Tsar Pivots

I do not actually like content creation. I am doing that because I like money. Content can help you get money.

So I don’t want to do dilly-dallying in content that won’t actually make money. So I have to clarify to myself what it actually means to make content that makes money.

The videos you make should be a proof of competence, a proof of service. It is almost like a demo of what the person will get if they buy from you.

The viewer shouldn’t finish the video thinking “I know how to do that now.” They should finish thinking “I need him to do that for me.”

For example, Qoves. Their videos are about facial analysis, and their service is facial analysis.

When you watch their videos, you essentially get the demo that, okay, they are going to do this analysis for your face.

Nobody watches a Qoves video and thinks “great, I’ll analyze my own face now.” They watch and think “I want them to do this to my face.”


So this essentially necessitates that you should first pick a service and then be making content around it instead of just picking a niche and then hoping something falls on your lap.
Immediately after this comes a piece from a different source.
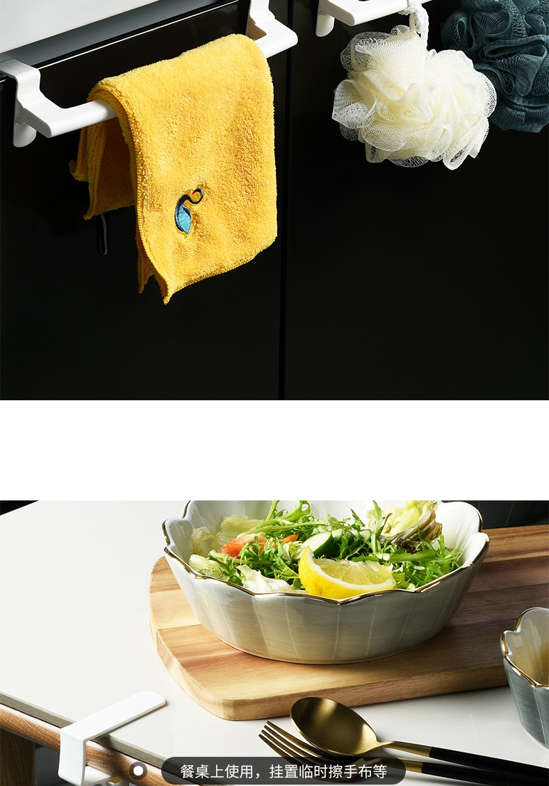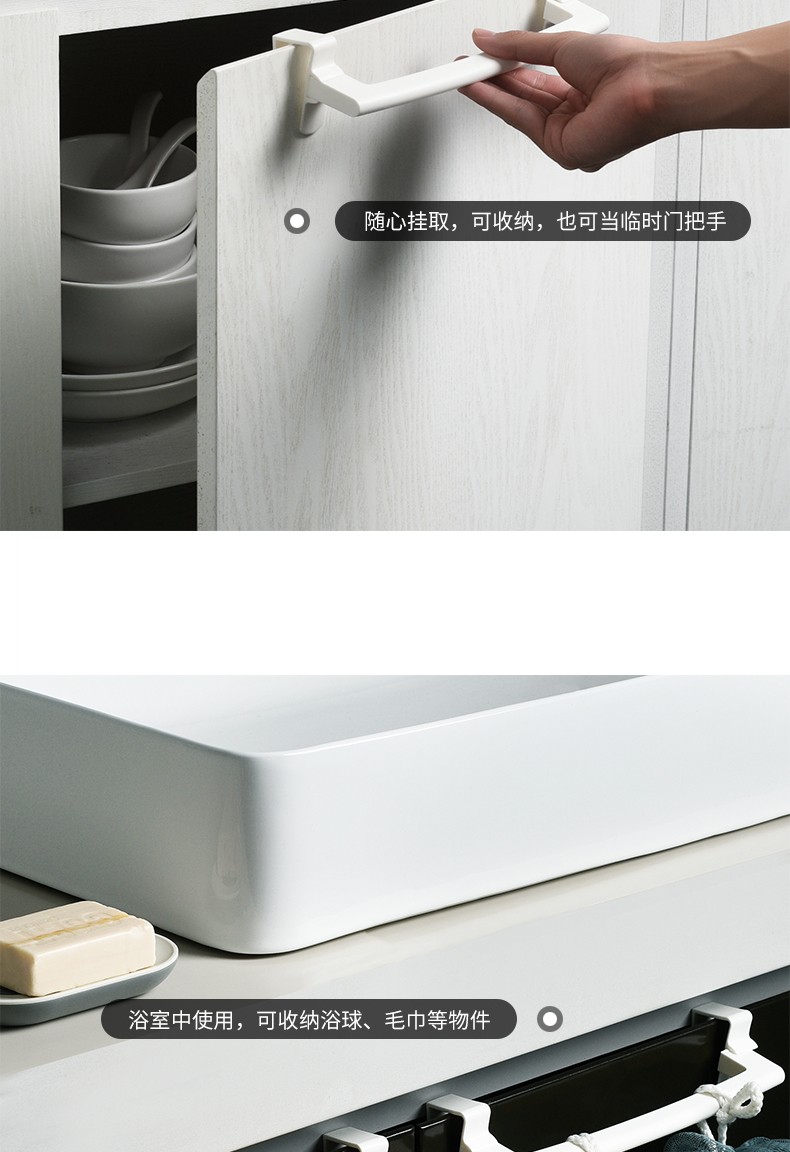 2个装厨房单杆门毛巾架 多用途背式无痕免钉橱柜抹布挂架杂物挂日式无痕厨卫橱柜门毛巾挂架毛巾架

That way, if you have already picked up a service, most of your content will be around the operational side of things and also discussing the problems you are solving. It gives you a better fit with the audience.

You attract the right people even if the views are low.

Service first → content is proof of that service → audience self-selects because they recognize their own problem → low views don’t matter because the 50 people watching are exactly the 50 people who might buy.


Because content can make you feel good or smart, content can make you feel motivated. But that does not necessarily mean it is the typa content that will make people buy.

We are here to make content that will make people buy.


for example :

https://www.youtube.com/@GMATwithCJ

I used to watch this guy. He teaches how to read for CAT/GMAT. His content is essentially demo of his services. This also explains why the coaching, education or course niche is so strong online because it is so easy to demonstrate that you know something and that you can teach it.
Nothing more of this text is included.